Copy exactly the lines of the data below that run from the line holding "Answer: This costume" through the line holding "CJ1023-LPTHD 7.5HX7.5W Multicolor''", both ends included.

▸ **Record extracts**
* * *

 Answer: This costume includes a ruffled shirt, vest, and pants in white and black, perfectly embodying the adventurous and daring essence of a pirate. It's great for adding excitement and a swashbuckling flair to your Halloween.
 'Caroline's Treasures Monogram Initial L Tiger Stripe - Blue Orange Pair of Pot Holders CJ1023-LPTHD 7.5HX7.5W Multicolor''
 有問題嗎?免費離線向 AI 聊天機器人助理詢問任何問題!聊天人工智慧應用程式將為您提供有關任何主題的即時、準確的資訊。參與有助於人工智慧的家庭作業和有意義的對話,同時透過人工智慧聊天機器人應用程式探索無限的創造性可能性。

* * *

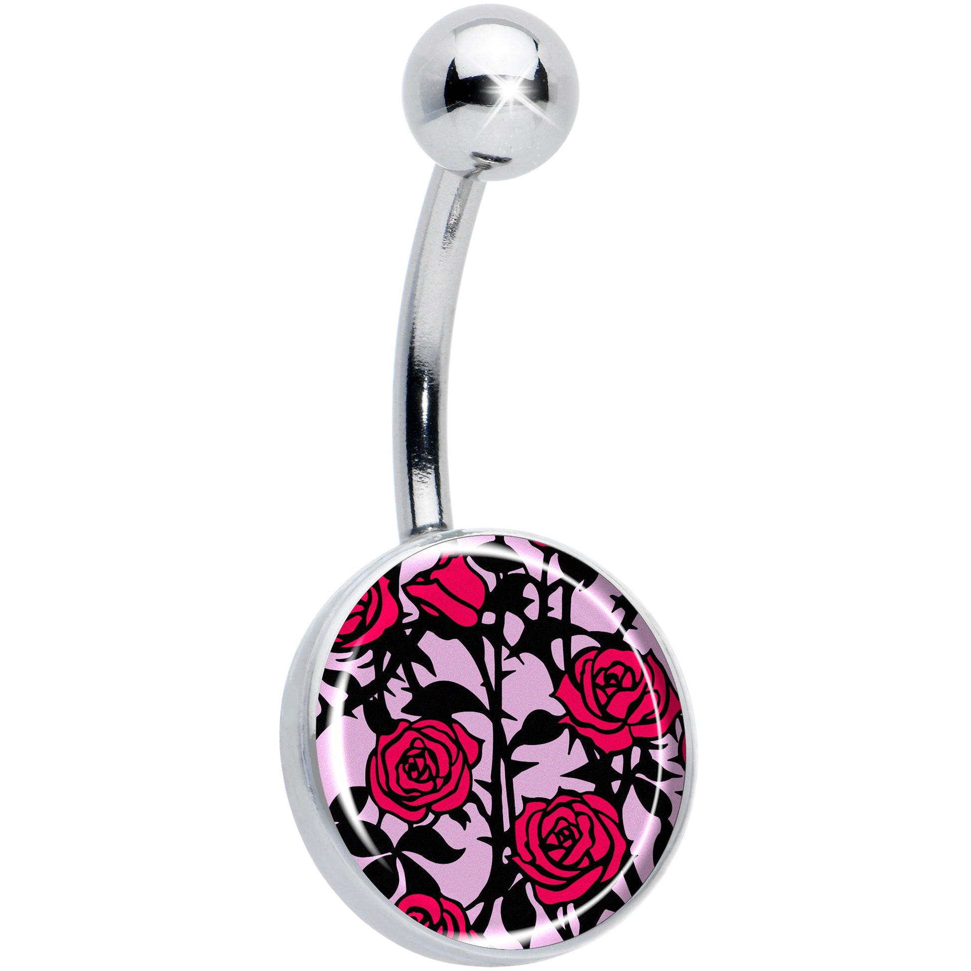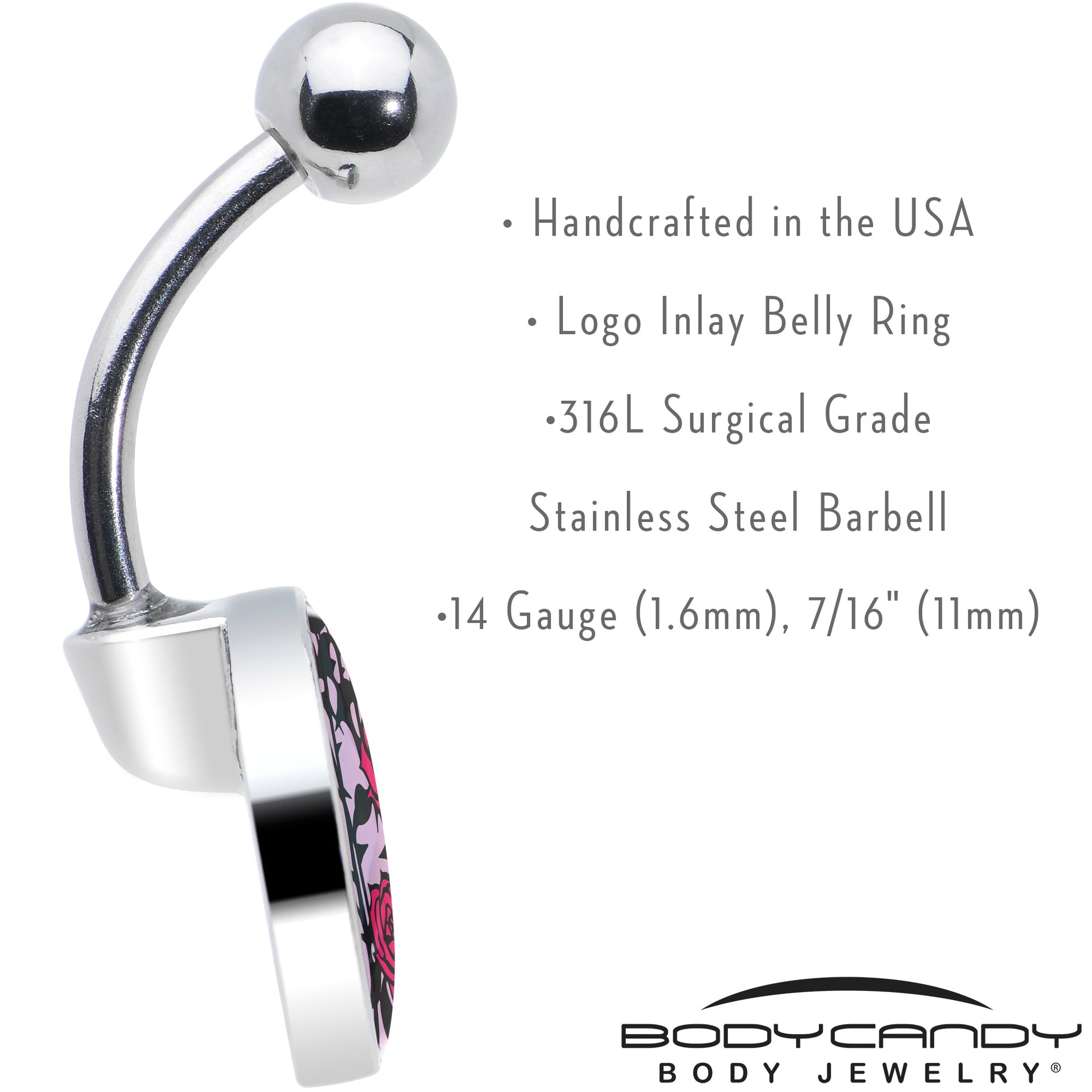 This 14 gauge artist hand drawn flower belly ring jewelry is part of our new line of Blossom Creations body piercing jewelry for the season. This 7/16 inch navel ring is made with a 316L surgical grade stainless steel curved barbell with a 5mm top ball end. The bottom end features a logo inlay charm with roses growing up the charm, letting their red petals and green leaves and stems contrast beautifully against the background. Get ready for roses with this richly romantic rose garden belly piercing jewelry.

* * *

▸ **Solution below**
 Answer: This costume includes a ruffled shirt, vest, and pants in white and black, perfectly embodying the adventurous and daring essence of a pirate. It's great for adding excitement and a swashbuckling flair to your Halloween.
 'Caroline's Treasures Monogram Initial L Tiger Stripe - Blue Orange Pair of Pot Holders CJ1023-LPTHD 7.5HX7.5W Multicolor''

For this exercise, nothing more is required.